TestAuditTxnEndTxnUnknownServerErrorNotFalseCommit drives a
GroupTransactSession through a consume-then-commit and injects
UNKNOWN_SERVER_ERROR on every EndTxn via a keep-forever control. Pre-fix
End(TryCommit) returns committed=true (the consumer offsets were advanced
for a transaction the broker may have aborted); post-fix it returns
committed=false and rewinds. Companion to the kgo fix in the prior commit.
PurgeTopicsFromConsuming (consumer.purgeTopics) told the manage loop the
subscription shrank by calling g.rejoin unconditionally. For a classic group
that is correct: it bounces the heartbeat session so the member re-joins and
the group rebalances. For a next-gen (848) group it is wrong, and it violates
the invariant that ForceRebalance's 848 redirect documents as its own safety
justification: "nothing feeds rejoinCh in 848 mode."

In 848 the shared heartbeat loop receives the rejoinCh signal and converts it
to RebalanceInProgress - NOT errReassigned848 - so stopHeartbeating stays
false and heartbeats keep running while the session-end revoke
(revokeThisSession) executes g.nowAssigned.write(), a clone-modify-store
read-modify-write. A concurrent heartbeat's handleResp does
g.nowAssigned.store() with the server's latest assignment. If the revoke
clones before the heartbeat stores but stores after, the server's assignment
is lost from nowAssigned: the client briefly under- or over-claims partitions
(delayed pickup of newly assigned partitions, or a brief over-claim of
reassigned ones). 848 servers re-send the target assignment until the
member's owned set matches, so it self-heals within a heartbeat - but the
unnecessary session bounce and the lost-update race are exactly what
ForceRebalance's 848 redirect was added to prevent. purgeTopics was the lone
subscription-change feeder that forgot the 848 guard its two siblings carry
(findNewAssignments forces a heartbeat for new topics; ForceRebalance
redirects).

Fix: centralize the "subscription changed, reconcile per protocol" dispatch
in groupConsumer.signalSubscriptionChange (classic => rejoin; 848 => a
best-effort forced heartbeat whose next request re-reports the live
subscription, the server then driving the revoke through normal
reconciliation). Route all three feeders - findNewAssignments,
ForceRebalance, and purgeTopics - through it so the 848-vs-classic difference
cannot be re-derived and forgotten at a future call site, which is the root
cause here. Classic behavior and the two already-correct sites are unchanged.

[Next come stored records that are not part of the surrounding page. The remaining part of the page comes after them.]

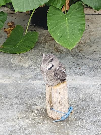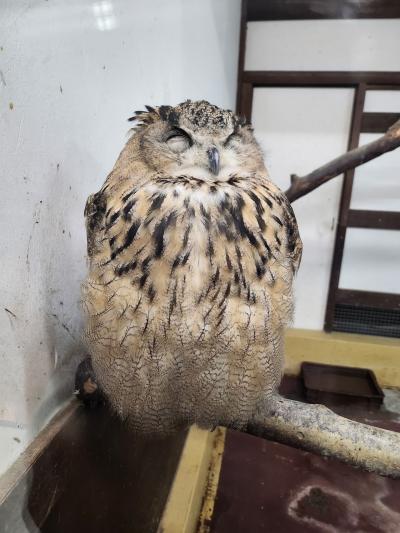 温室内にもフクロウがいました。やっぱり寝てる…暖かいしね。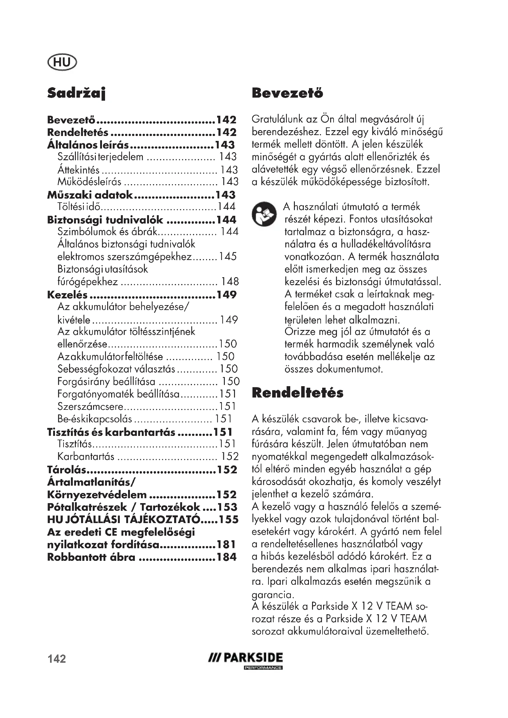 - Bevezető Gratulálunk az Ön által megvásárolt új berendezéshez. Ezzel egy kiváló minőségű termék mellett döntött. A jelen készülék minőségét a gyártás alatt ellenőrizték és alávetették egy végső ellenőrzésnek. Ezzel a készülék működőképessége biztosított. A használati útmutató a termék részét képezi. Fontos utasításokat tartalmaz a biztonságra, a hasz- nálatra és a hulladékeltávolításra vonatkozóan. A termék használata előtt ismerkedjen meg az összes kezelési és biztonsági útmutatással. A terméket csak a leírtaknak meg- felelően és a megadott használati területen lehet alkalmazni. Őrizze meg jól az útmutatót és a termék harmadik személynek való továbbadása esetén mellékelje az összes dokumentumot. Rendeltetés A készülék csavarok be-, illetve kicsava- rására, valamint fa, fém vagy műanyag fúrására készült. Jelen útmutatóban nem nyomatékkal megengedett alkalmazások- tól eltérő minden egyéb használat a gép károsodását okozhatja, és komoly veszélyt jelenthet a kezelő számára. A kezelő vagy a használó felelős a szemé- lyekkel vagy azok tulajdonával történt bal- esetekért vagy károkért. A gyártó nem felel a rendeltetésellenes használatból vagy a hibás kezelésből adódó károkért. Ez a berendezés nem alkalmas ipari használat- ra. Ipari alkalmazás esetén megszűnik a garancia. A készülék a Parkside X12VTEAM so- rozat része és a Parkside X12VTEAM sorozat akkumulátoraival üzemeltethető. Az eredeti CE megfelelőségi nyilatkozat fordítása p. 181
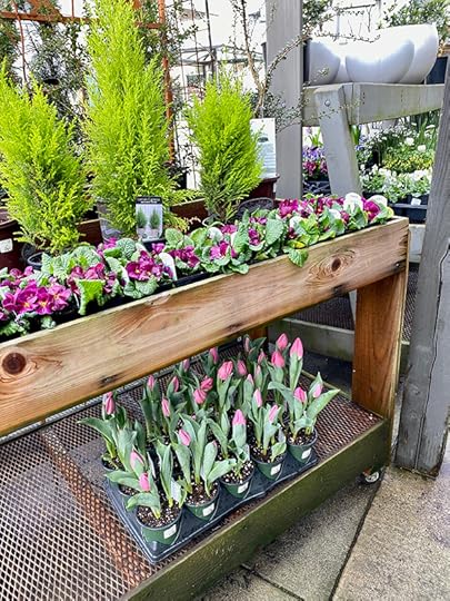 As I left the optometrist a few days ago I was met with a lovely sight: Ravenna Gardens. I couldn’t help but stop to admire the lovely arrangements and blossoms. How did I manage to get out of there without purchasing anything? By reminding myself that it is too early to plant in our garden—I’ve made that mistake before. It’s in the upper 30s right now. Too cold for planting. But soon!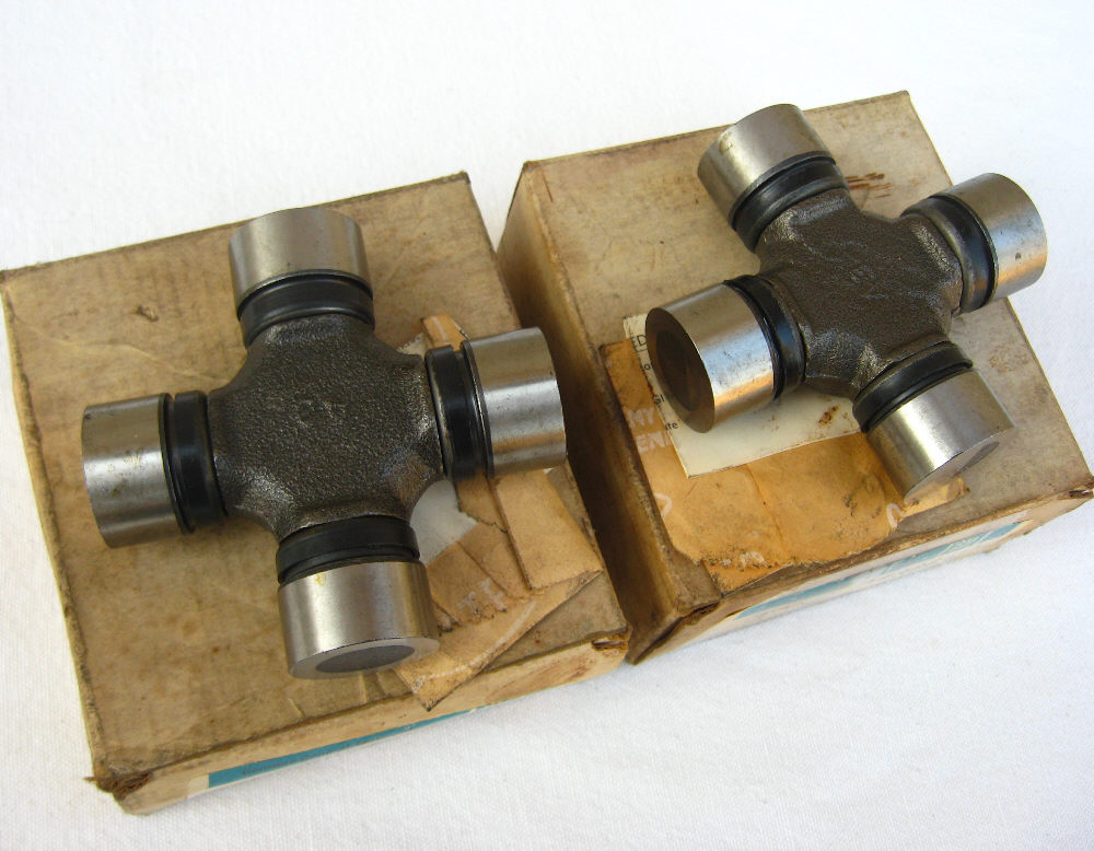 (2) NOS GM drive shaft U-joints. Hard to come by that are without the zirt fitting hole. These fit both front or rear. They are made by Spicer for GM and have the Spicer embossed on the joint as well as the caps.

The lost-update race is not deterministically reproducible, so
TestSignalSubscriptionChange848 asserts the fix's mechanism: in 848 mode the
dispatch forces a heartbeat and never feeds rejoinCh; in classic mode it
feeds rejoinCh. It fails pre-fix (the 848 arm fed rejoinCh).
…ies(0)

The KIP-848 manage loop silently restarts the heartbeat session on retryable
broker/dial/coordinator errors and, every cfg.retries consecutive restarts,
injects a fake fetch error (ErrGroupSession "heartbeat has been failing for N
consecutive attempts") so the user learns the group is unreachable - that
injection is the path's only user-visible signal.

The "every cfg.retries-th restart" gate was
`restarts >= cfg.retries && restarts % cfg.retries == 0`. cfg.retries has no
floor (RequestRetries(n) stores n verbatim; default 20), so a user who sets
RequestRetries(0) makes the modulo `restarts % 0` - an integer divide-by-zero
panic. The panic fires on the very first transient heartbeat error (a broker
restart, EOF, NOT_COORDINATOR, a refused dial - all routine) on the manage848
goroutine, which is unrecovered and so crashes the whole client process. The
sibling in-session gate (heartbeat(), `hbBrokerRetries < cfg.retries`) uses
`<` and is panic-safe; only this modulo arm divides.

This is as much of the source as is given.